Monday, 17 September 2012

Treasury fails taxpayer over Northern Rock


Treasury "slow off the mark" in nationalising Northern Rock.

The most senior civil servant at the Treasury has told MPs that the government should have acted more quickly to take Northern Rock into public hands after the run on the bank in 2007.

Sir Nicholas Macpherson was answering questions from the Public Accounts Committee, which is investigating claims that taxpayers will end up losing £2bn from the collapse and rescue of Northern Rock.

Customers started queueing in large numbers to pull out their money in mid-September, 2007, but it was not until the following February that the Chancellor Alistair Darling nationalised the stricken bank.

Sir Nicholas said that the Treasury was "slow off the mark in addressing the problem" and "we should have nationalised it earlier".

"There was a five month period of drift," he added, "And that made it quite likely that we would lose money on Northern Rock."

Officials spent the time assessing the state of Northern Rock and looking at the possibility of a rescue from one of several potential bidders, including Sir Richard Branson's Virgin Group.

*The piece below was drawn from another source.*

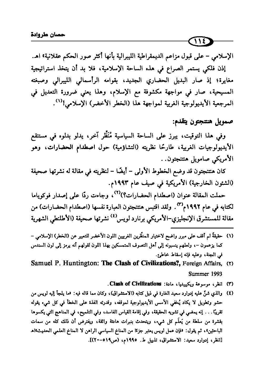 (¬3) انظر، موسوعة ويكيپيديا، مادة: Clash of Civilizations.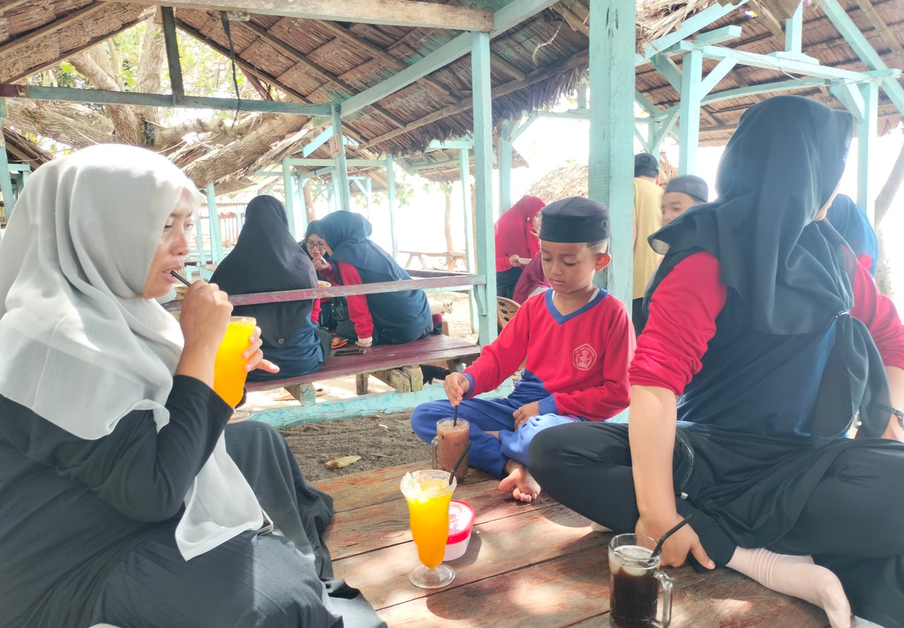 Pulang dari sekolah saya dan kawan-kawan saya ke pantai untuk makan-makan,karena hari ini termasuk hari anak wanita sedunia,kami yang cewek-cewek langsung ke pantai untuk makan-makan,apalagi dengan deburan ombak dan angin laut yang sejuk membuat suasana jadi lebih rileks.

After nationalisation Northern Rock was spilt into a so-called Good Bank, including customer deposits, branches and some mortgages, and a Bad Bank with billions pounds of problem mortgages.

Virgin Money ended up buying the Good Bank from the government last November.

A National Audit Office report earlier this year suggested that the taxpayer would lose £2bn once all the mortgages were paid back.

The chair of the Public Accounts Committee, the Labour MP Margaret Hodge, said there was "A big question mark" over whether the public had received the best value .

Sir Nicholas explained that estimates of the scale of the losses depended on forecasts of interest rates over a number of years, but that Northern Rock's borrowers were proving more reliable.

"These people are generally paying their mortgages and the money's coming in," he said.

Sir Nicholas Macpherson was already Permanent Secretary to the Treasury during the financial crisis. The role makes him, effectively, the Chancellor's chief policy adviser.

He admitted to MPs that officials had failed to anticipate the seriousness of Northern Rock's crisis in the summer of 2007.

"There was a monumental collective failure of which the Treasury was part," he told the committee.